The server_name must be specified if the LXD server certificate does not contain the same host name as used in the targets list. To verify this, open server.crt and check the Subject Alternative Name (SAN) section.

For example, assume that server.crt has the following content:

~$ openssl x509 -noout -text -in /var/snap/prometheus/common/tls/server.crt
... X509v3 Subject Alternative Name: DNS:foo, IP Address:127.0.0.1, IP Address:0:0:0:0:0:0:0:1...

Since the Subject Alternative Name (SAN) list doesn’t include the host name provided in the targets list (foo.example.com), you must override the name used for comparison using the server_name directive.

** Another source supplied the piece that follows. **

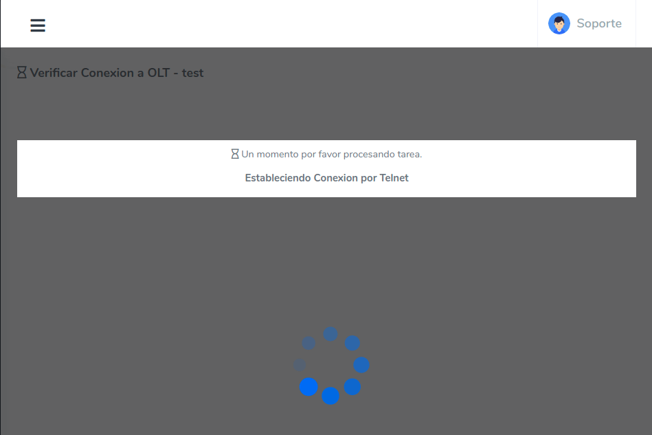 Podrá ver una pantalla de carga donde verá los estados de las conexiones como SSH, puerto PON, etc.
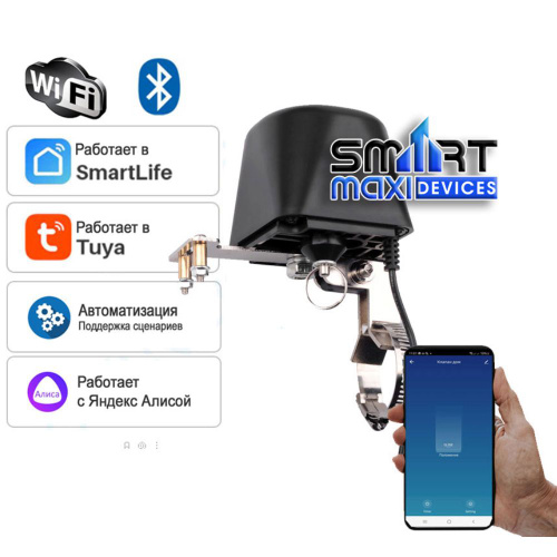 Умный клапан-привод Wi-Fi Tuya на кран для перекрытия воды или газа с Алисой. Электропривод для умного дома.

Here is an example of a prometheus.yml configuration where multiple jobs are used to scrape the metrics of multiple LXD servers:

global:
  # How frequently to scrape targets by default. The Prometheus default value is 1m.
  scrape_interval: 15s

scrape_configs:
  # abydos, langara and orilla are part of a single cluster (called `hdc` here)
  # initially bootstrapped by abydos which is why all 3 targets
  # share the same `ca_file` and `server_name`. That `ca_file` corresponds
  # to the `/var/snap/lxd/common/lxd/cluster.crt` file found on every member of
  # the LXD cluster.
  #
  # Note: When using a certificate restricted to multiple projects,
  #       use the `project` param to only scrape a specific project or projects.
  #       Otherwise, omit it to return the metrics for all the accessible
  #       projects in one scrape.
  #
  # Note: Each member of the cluster only provides metrics for instances it runs
  #       locally. This is why the `lxd-hdc` cluster lists 3 targets.
  - job_name: "lxd-hdc"
    metrics_path: '/1.0/metrics'
    params:
      # If no project parameter is defined, by default, metrics for all
      # accessible projects are returned.
      project: ['jdoe']
    scheme: 'https'
    static_configs:
      - targets:
        - 'abydos.hosts.example.net:8444'
        - 'langara.hosts.example.net:8444'
        - 'orilla.hosts.example.net:8444'
    tls_config:
      ca_file: 'tls/abydos.crt'
      cert_file: 'tls/metrics.crt'
      key_file: 'tls/metrics.key'
      server_name: 'abydos'

  # jupiter, mars and saturn are 3 standalone LXD servers.
  # Note: only the `default` project is used on them, so it is not specified.
  - job_name: "lxd-jupiter"
    metrics_path: '/1.0/metrics'
    scheme: 'https'
    static_configs:
      - targets: ['jupiter.example.com:9101']
    tls_config:
      ca_file: 'tls/jupiter.crt'
      cert_file: 'tls/metrics.crt'
      key_file: 'tls/metrics.key'
      server_name: 'jupiter'

  - job_name: "lxd-mars"
    metrics_path: '/1.0/metrics'
    scheme: 'https'
    static_configs:
      - targets: ['mars.example.com:9101']
    tls_config:
      ca_file: 'tls/mars.crt'
      cert_file: 'tls/metrics.crt'
      key_file: 'tls/metrics.key'
      server_name: 'mars'

  - job_name: "lxd-saturn"
    metrics_path: '/1.0/metrics'
    scheme: 'https'
    static_configs:
      - targets: ['saturn.example.com:9101']
    tls_config:
      ca_file: 'tls/saturn.crt'
      cert_file: 'tls/metrics.crt'
      key_file: 'tls/metrics.key'
      server_name: 'saturn'

After editing the configuration, restart Prometheus (snap restart prometheus if using the snap, otherwise systemctl restart prometheus) to start scraping.